* _Recorded data_
····················

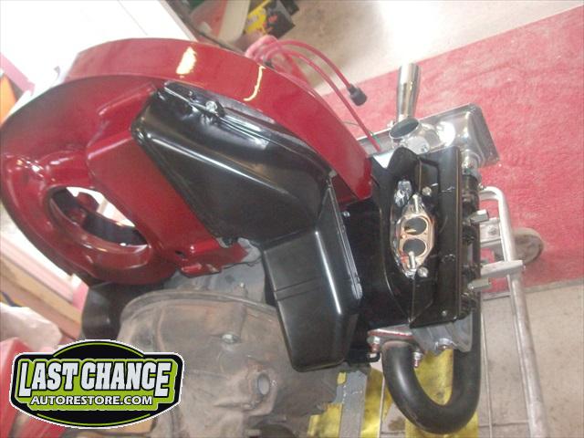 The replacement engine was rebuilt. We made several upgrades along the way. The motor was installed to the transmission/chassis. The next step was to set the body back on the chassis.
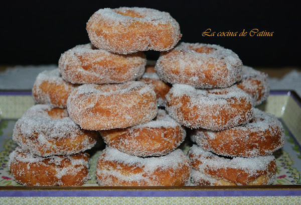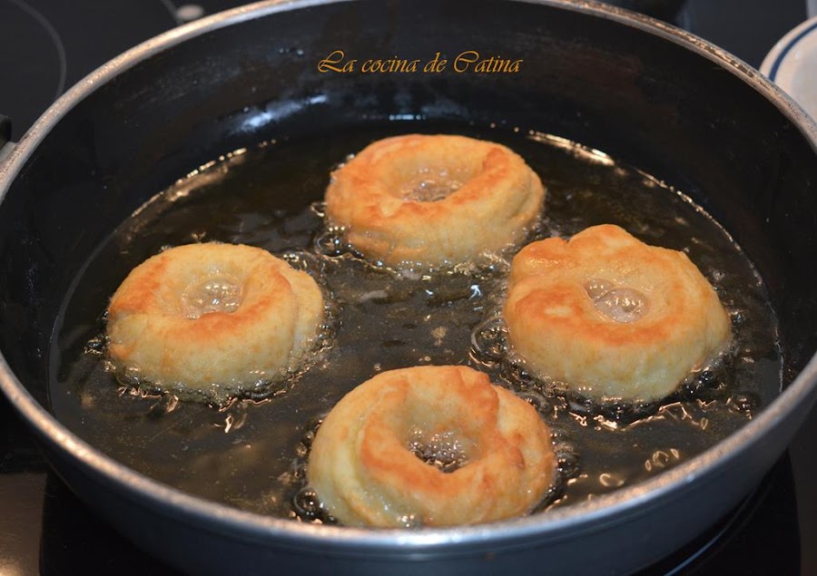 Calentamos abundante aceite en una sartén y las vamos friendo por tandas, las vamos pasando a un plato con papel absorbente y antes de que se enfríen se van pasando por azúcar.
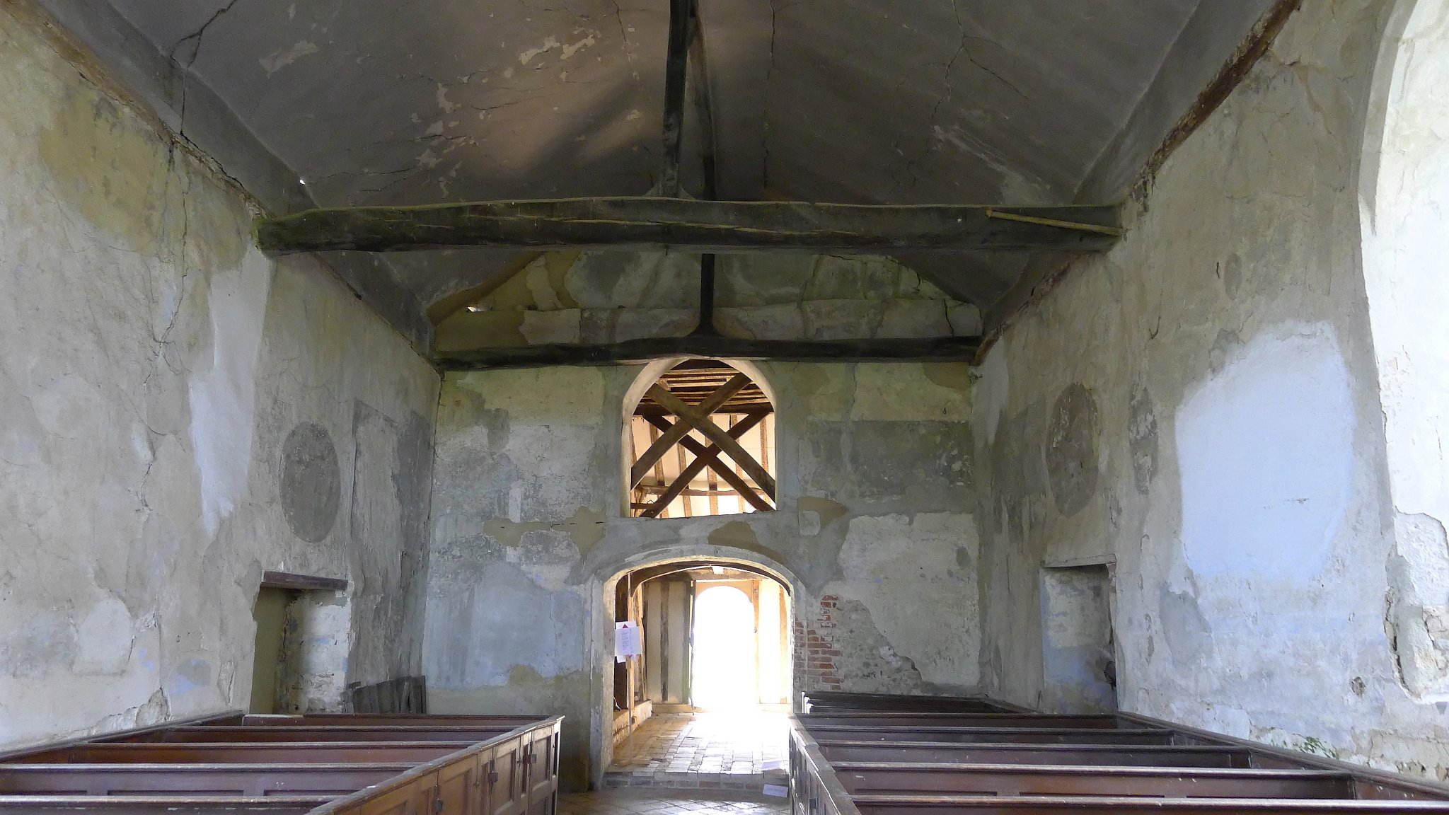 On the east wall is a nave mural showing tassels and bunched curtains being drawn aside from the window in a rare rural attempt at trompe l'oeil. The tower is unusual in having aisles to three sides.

····················

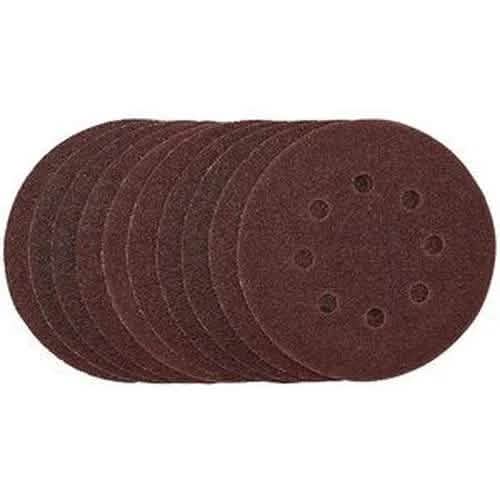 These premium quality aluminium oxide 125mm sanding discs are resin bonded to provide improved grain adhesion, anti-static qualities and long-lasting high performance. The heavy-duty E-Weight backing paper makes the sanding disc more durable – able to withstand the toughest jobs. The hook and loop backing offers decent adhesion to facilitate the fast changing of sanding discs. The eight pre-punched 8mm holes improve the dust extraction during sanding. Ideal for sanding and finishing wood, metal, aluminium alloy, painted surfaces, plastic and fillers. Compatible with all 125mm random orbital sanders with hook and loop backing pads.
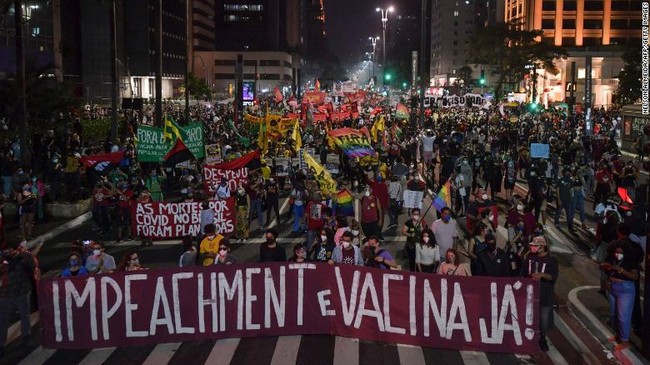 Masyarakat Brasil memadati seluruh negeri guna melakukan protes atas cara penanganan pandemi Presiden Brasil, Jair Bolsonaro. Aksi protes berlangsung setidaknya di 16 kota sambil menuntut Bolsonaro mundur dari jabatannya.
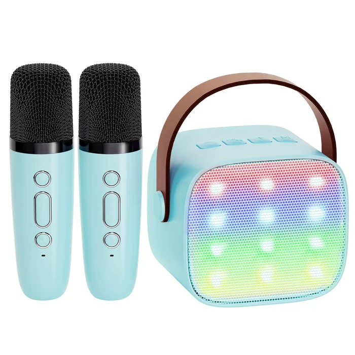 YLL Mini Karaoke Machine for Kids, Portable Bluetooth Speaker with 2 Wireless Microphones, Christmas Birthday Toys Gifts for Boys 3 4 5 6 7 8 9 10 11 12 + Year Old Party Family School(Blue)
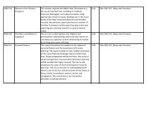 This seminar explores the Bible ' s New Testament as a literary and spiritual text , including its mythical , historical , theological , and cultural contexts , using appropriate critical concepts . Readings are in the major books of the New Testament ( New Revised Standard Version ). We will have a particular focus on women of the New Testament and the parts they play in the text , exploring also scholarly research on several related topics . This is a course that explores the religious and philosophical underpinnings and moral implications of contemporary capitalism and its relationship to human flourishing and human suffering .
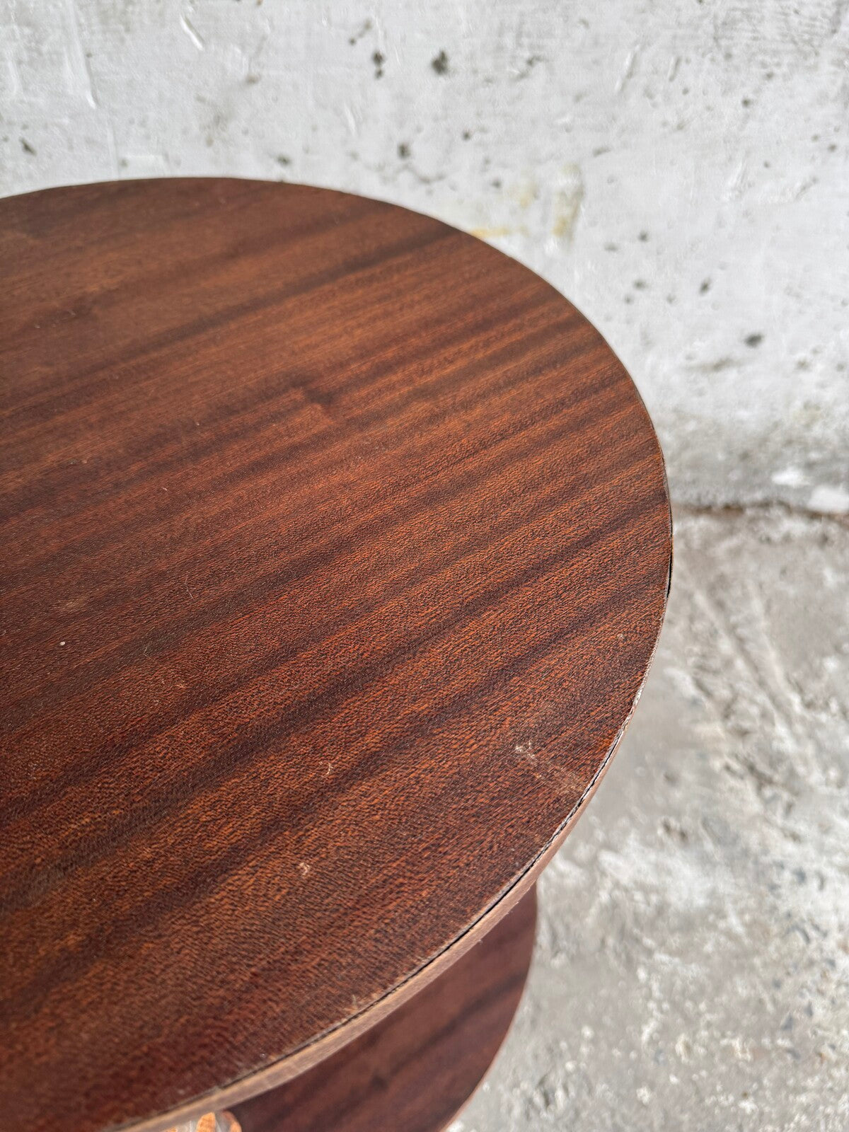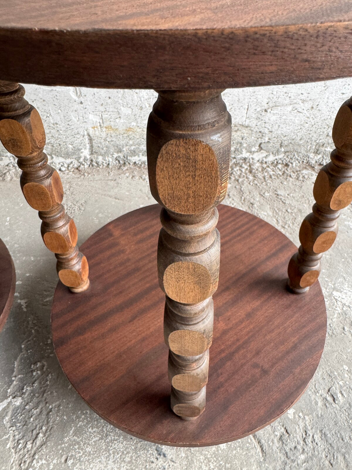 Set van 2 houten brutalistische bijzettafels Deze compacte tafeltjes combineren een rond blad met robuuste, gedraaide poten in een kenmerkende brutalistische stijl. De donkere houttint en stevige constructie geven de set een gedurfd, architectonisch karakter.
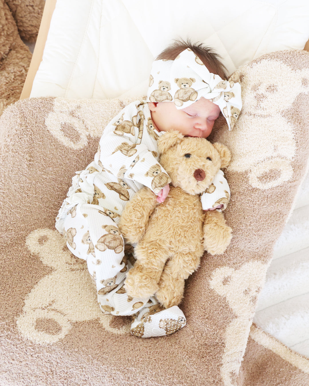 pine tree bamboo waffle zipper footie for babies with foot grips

····················

* _Task details_
When you reach the line that has "The replacement engine" in the data above, start repeating lines exactly, and stop after the line that has "On the east"; pictures stay out.

* _Answer to this task_
 The replacement engine was rebuilt. We made several upgrades along the way. The motor was installed to the transmission/chassis. The next step was to set the body back on the chassis.
 Calentamos abundante aceite en una sartén y las vamos friendo por tandas, las vamos pasando a un plato con papel absorbente y antes de que se enfríen se van pasando por azúcar.
 On the east wall is a nave mural showing tassels and bunched curtains being drawn aside from the window in a rare rural attempt at trompe l'oeil. The tower is unusual in having aisles to three sides.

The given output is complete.